Work task: Reproduce exactly, with no pictures, each line from the opening of the material down through the line containing "Esferográfica em alumínio".

The data:
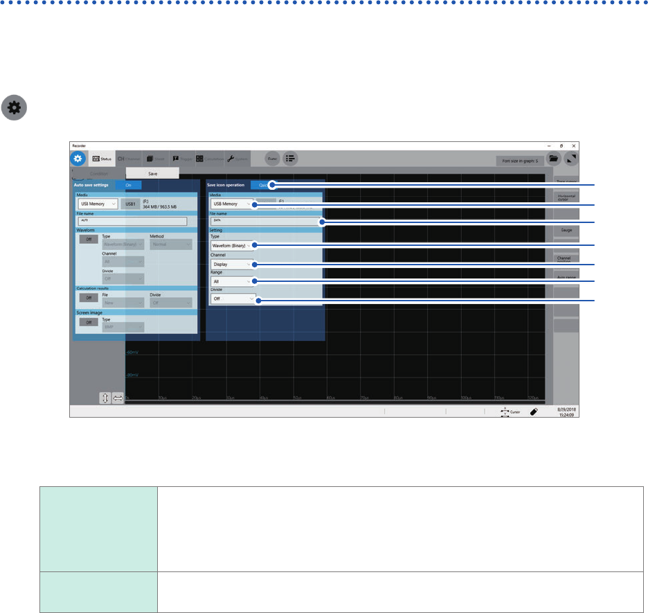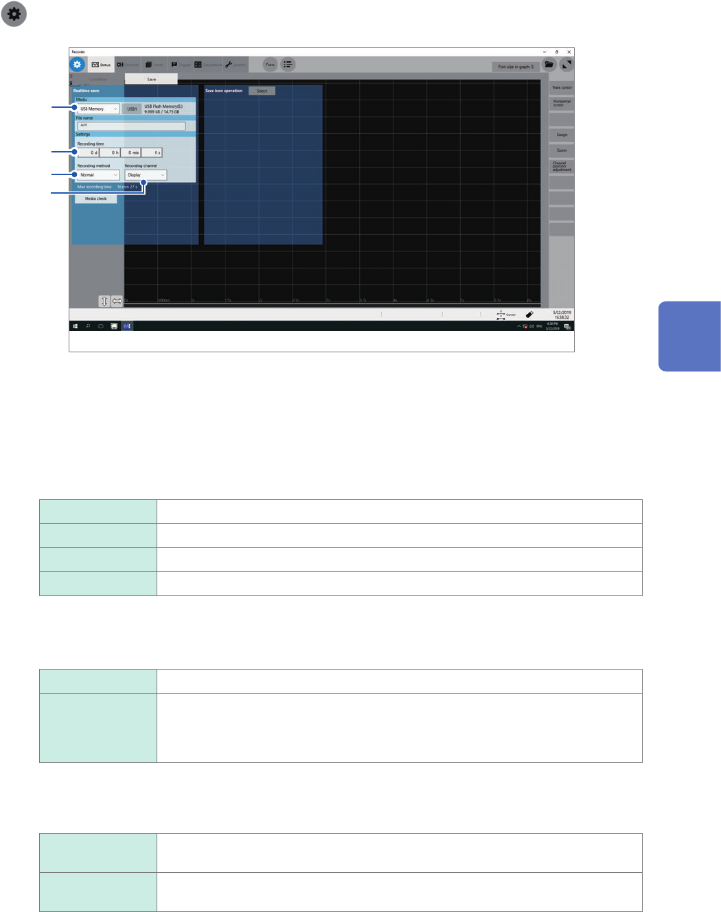 89 Saving Data > [Status] > [Save] 2 3 4 5 1 Congure the real-time save and sampling rate settings on the [Condition] screen Refer to “1.2 Setting Measurement Conditions” (p. 5). 2 Click the [Media] box, and then …
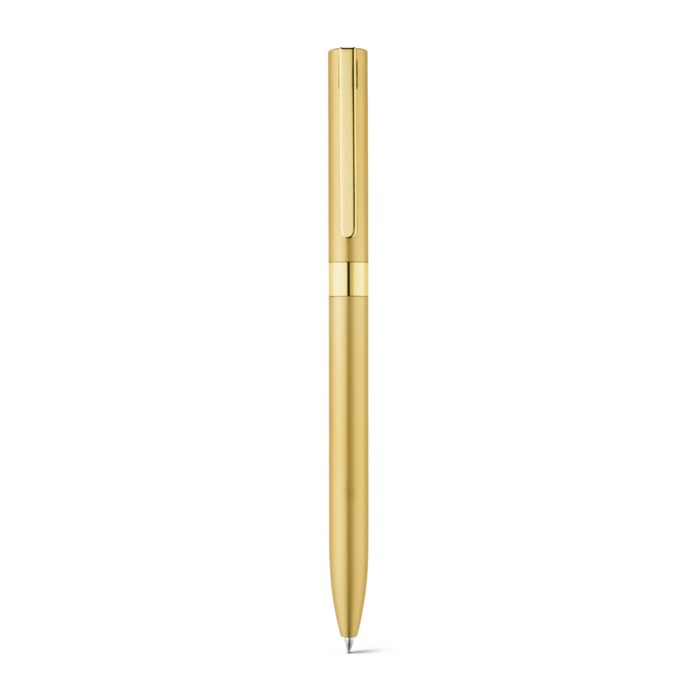 Esferográfica em alumínio com mecanismo twist e clipe de metal. Disponível em elegantes cores. Até 2 km de escrita. Escrita em preto. ø10 x 140 mm
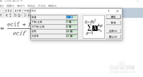 打开“尺寸”对话框,在该对话框中可以设置公式中各个元素的大小,如图所示。
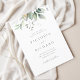Beautiful Save the date card featuring watercolor eucalyptus and gold leaves with modern script.

Reply:
 89 Saving Data > [Status] > [Save] 2 3 4 5 1 Congure the real-time save and sampling rate settings on the [Condition] screen Refer to “1.2 Setting Measurement Conditions” (p. 5). 2 Click the [Media] box, and then …
 Esferográfica em alumínio com mecanismo twist e clipe de metal. Disponível em elegantes cores. Até 2 km de escrita. Escrita em preto. ø10 x 140 mm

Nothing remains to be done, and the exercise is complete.